BioLORD-2023 Open-Source Biomedical Model - Accurately Generate Valuable Representations of Clinical Sentences and Medical Concepts

Biolord 2023

Developed by FremyCompany

BioLORD-2023 is a sentence transformer model specifically designed for the biomedical domain, generating meaningful representations of clinical sentences and biomedical concepts through innovative pre-training strategies.

Text Embedding

Safetensors

EnglishOpen Source License:Other #Medical Semantic Similarity #Biomedical Concept Embedding #Clinical Text Representation

Downloads 4,649

Release Time : 11/27/2023

Model Overview

This model is based on the sentence-transformers/all-mpnet-base-v2 architecture and fine-tuned on biomedical datasets, making it particularly suitable for processing clinical texts and biomedical concepts. It generates semantic representations that better align with ontology hierarchies by incorporating definitions and knowledge graph information.

Model Features

Biomedical Semantic Representation

Generates semantic representations that better align with ontology hierarchies by incorporating definitions and knowledge graph information.
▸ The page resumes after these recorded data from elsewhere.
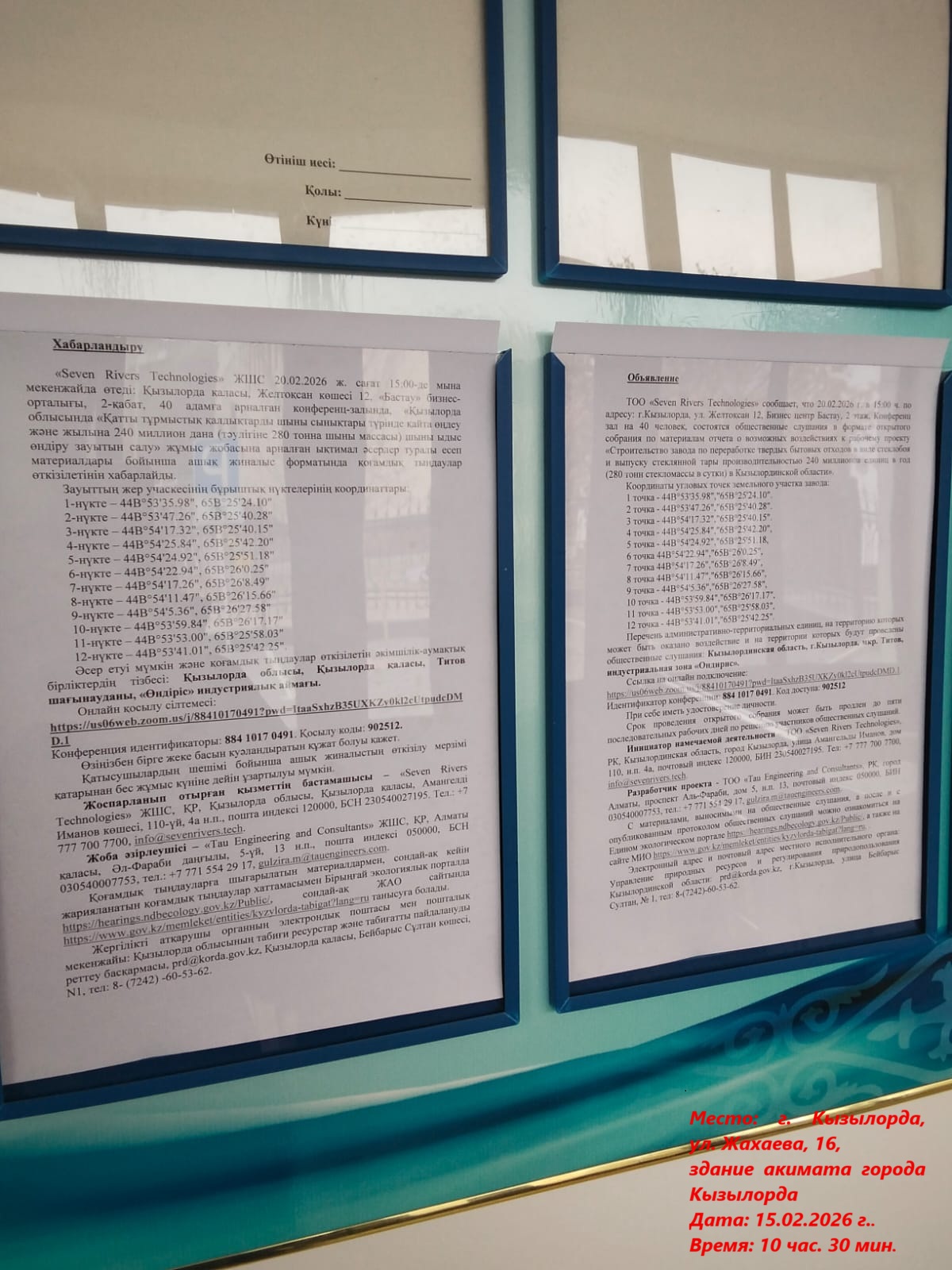 3. Общественные слушания организованны: Управление природных ресурсов и регулирования природопользования Кызылординской области, prd@korda.gov.kz 87242605362, 605369,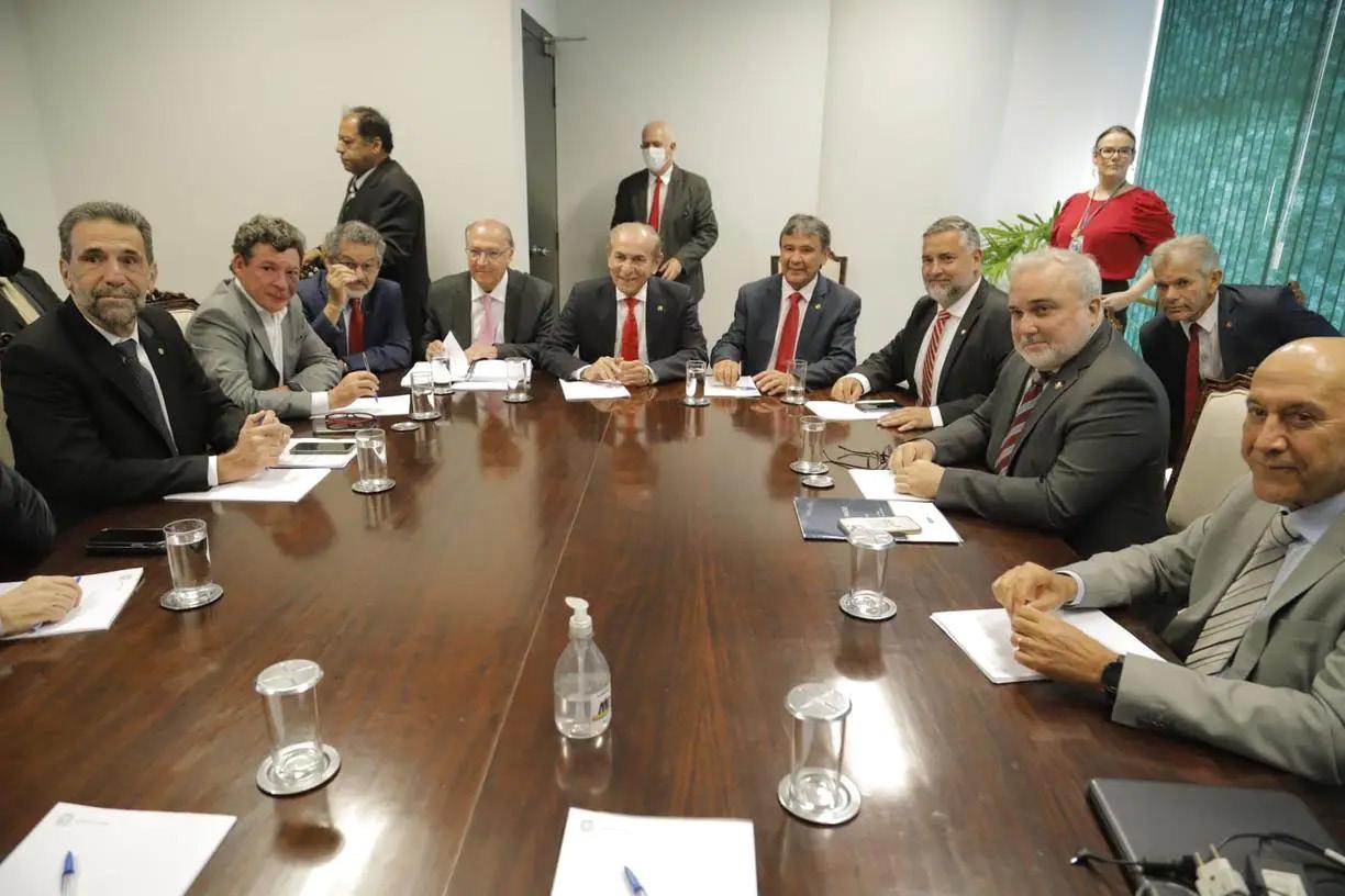 Na manhã desta quinta-feira, o vice-presidente eleito, Ger aldo Alckmin, integrantes da equipe de transição e parla mentares petistas estiveram reunidos com o relator geral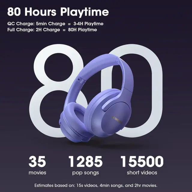 Up to 80 Hours of Playtime: With low power consumption technology, YUMONDEAR headphones wireless deliver up to 80 hours playtime on a single charge. Equivalent to one charge, you can use the over ear headphones for more than 3 days. A single charge gives you enough juice to listen to over 1000 songs or soundtrack multiple long haul flights. Whether you want the convenience of over-ear headphones or the constant listening of a wired connection (including a 3.5 mm audio cable), bluetooth headphones over the ear meet your needs. No need to worry about lack of power on long trips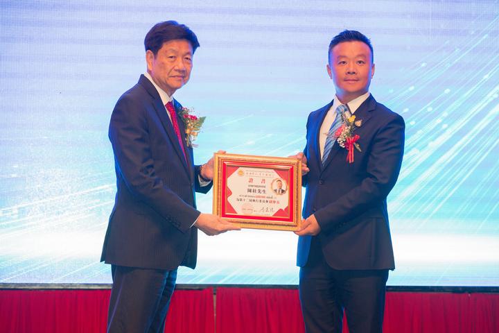 泰国中华总商会林楚钦主席向陈平常务副会长颁发任职证书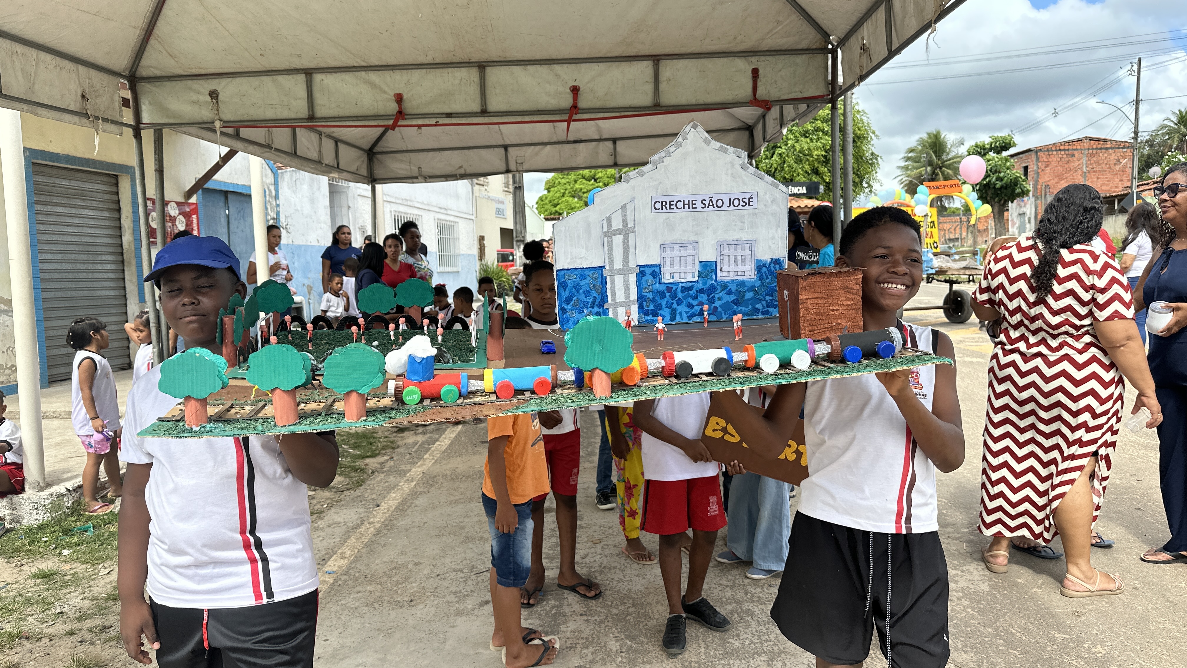A caminhada contou ainda com o apoio dos alunos da Escola Municipal José Honorato, vizinha à creche, que se juntaram ao percurso e reforçaram o caráter comunitário da atividade.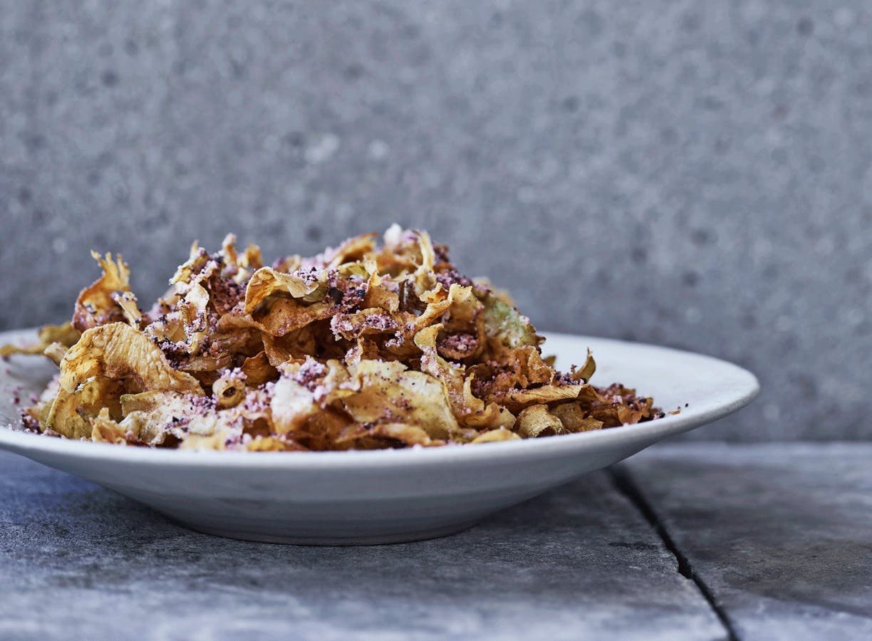 Det skal du bruge for at lave friteret artiskok med drys af tørret solbær, hasselnød og tang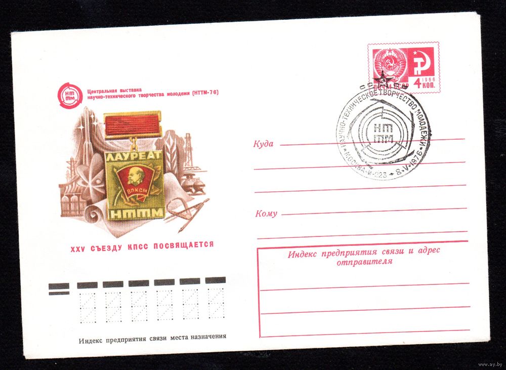 Художественный маркированный конверт СССР со спецгашением N 11090 (28.01.1976) Центральная выставка научно-технического творчества молодежи (НТТМ-76) XXV съезду КПСС посвящается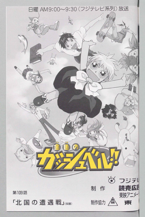 主な出演 : (ガッシュ・ベル)大谷育江,(高嶺清麿)桜井孝宏,(ウマゴン)こおろぎさとみ,(サンビーム)郷田ほづみ,(ティオ)釘宮理恵,(恵:台詞なし),(キャンチョメ)菊池正美,(フォルゴレ:台詞なし),(モモン)高橋直純,(エル)三石琴乃,(リ【金色のガッシュベル】 千年に一度行われる『魔界の王』を決める戦いに選ばれた百人の魔物の子供達、彼らは自身の内に秘めた力を引き出せる同じ心の形を持った人間のパートナーを探して、人間界で『魔本』の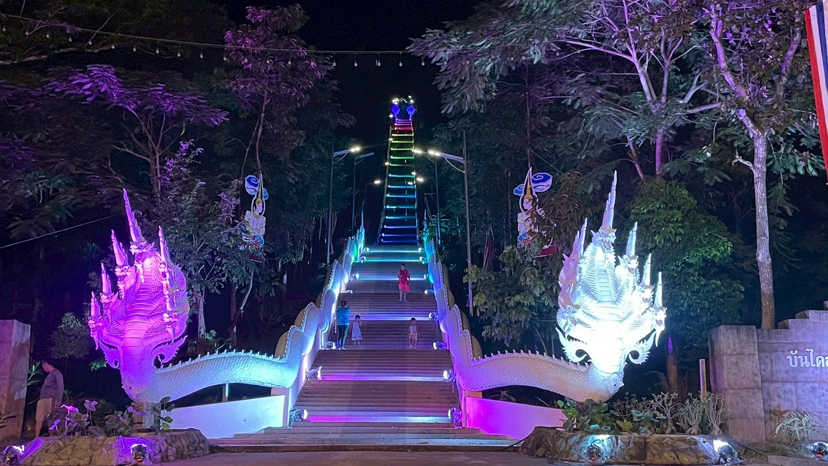 กาฬสินธุ์-วัดพุทธาวาสภูสิงห์ ประดับไฟบันไดสวรรค์ 654 ขั้น หรือประมาณ 1.5 กม. พร้อมไฟสวยงามบนลานธรรม มรรค 8 บนยอดเขาภูสิง...

Multi-Stage Training Strategy

Employs a three-stage training strategy of contrastive learning, self-distillation, and model averaging to optimize performance.

Clinical Text Optimization

Specifically optimized for medical documents such as electronic health records and clinical notes.

Model Capabilities

Biomedical Text Embedding

Clinical Sentence Similarity Calculation

Biomedical Concept Matching

Cross-Modal Semantic Search

Use Cases

Clinical Information Retrieval

Clinical Term Matching

Identifies terms that refer to the same clinical concept despite different expressions.

Accurately recognizes semantic similarities between terms like 'cat scratch disease' and 'bartonellosis'.

Biomedical Research

Literature Knowledge Mining

Extracts and associates relevant concepts from biomedical literature.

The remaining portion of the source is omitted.